周京尧现在这样,就是典型的“控制代偿”行为。
他是对昨天那种脱轨的快感感到陌生和恐惧,潜意识无法接受自己会被本能支配。
所以,他急于把这个突如其来的“变量”抓回来,掌控在自己手中。
说白了,就像是一只被欲望吓坏了的大型猫科动物,正虚张声势地试图把打翻的毛线球缠回去。
权衡了下利弊,池晞原本紧绷的神经忽然放松下来。
既然他要打破合约,那她也可以重新提出要求。
现在的局势很明显,东西在他手上,爷爷那边也确实是个雷。
硬碰硬,她未必讨得了好。
反正只有二十九天。
就他这样的足料包,偶尔走个肾,她也不吃亏。
既然反抗不了资本家的压榨,那就只能在条款上为自己争取最大利益了。
池晞露出一个轻松的笑意,连眼尾长翘的睫毛都跟着鲜活了起来。
“行啊,”她指尖轻轻在他胸口点了点,“既然周总这么有‘科研精神’,我就发发善心,配合你做个实验。”

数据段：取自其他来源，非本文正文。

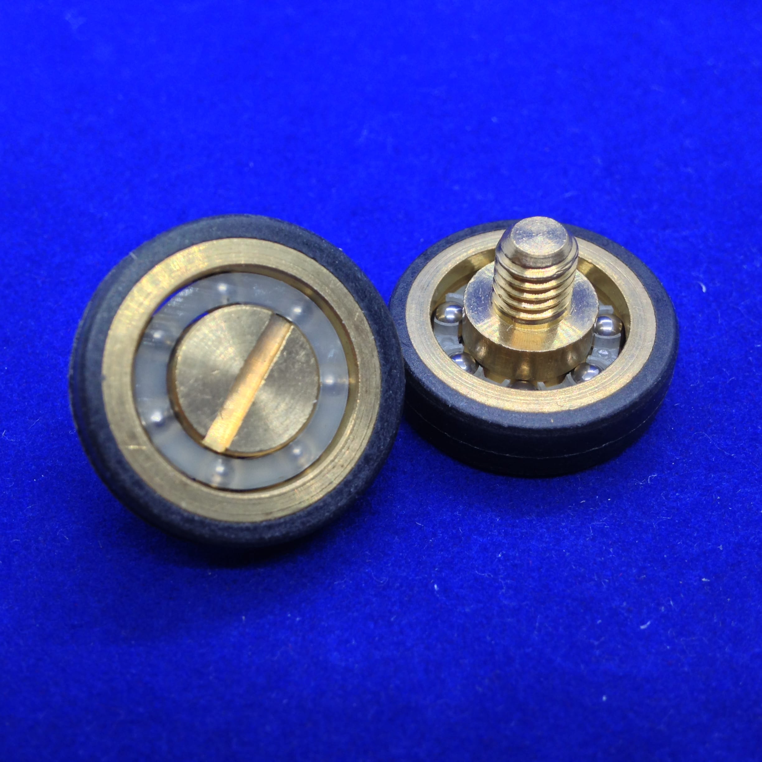 Roulette droite simple pour porte coulissante de cabine de douche. Vendue par lot de 2, cette roulette se composent d’un corps en laiton. Le bandage plat de la roulette est en téflon, recouvrant un roulement à billes étanche en acier inoxydable. Le choix et la qualité des matériaux employés offrent une utilisation optimale de confort, limitant ainsi le frottement et le bruit lors de la manipulation de la porte.

“不过,”她指尖顺着他的衬衫扣子一路向上,猛地勾住那个碍眼的温莎结,用力往下一拽!
“我也有要求!”
两人的距离瞬间拉近,呼吸交缠,鼻尖几乎相抵。
“说。”周京尧喉结剧烈滚动,声音哑得像是吞了把沙砾。
“第一,时间一到,不管你验证出什么结果,这婚必须离。”池晞看着他的眼睛,“而且...你得对两个爷爷说是你的原因。”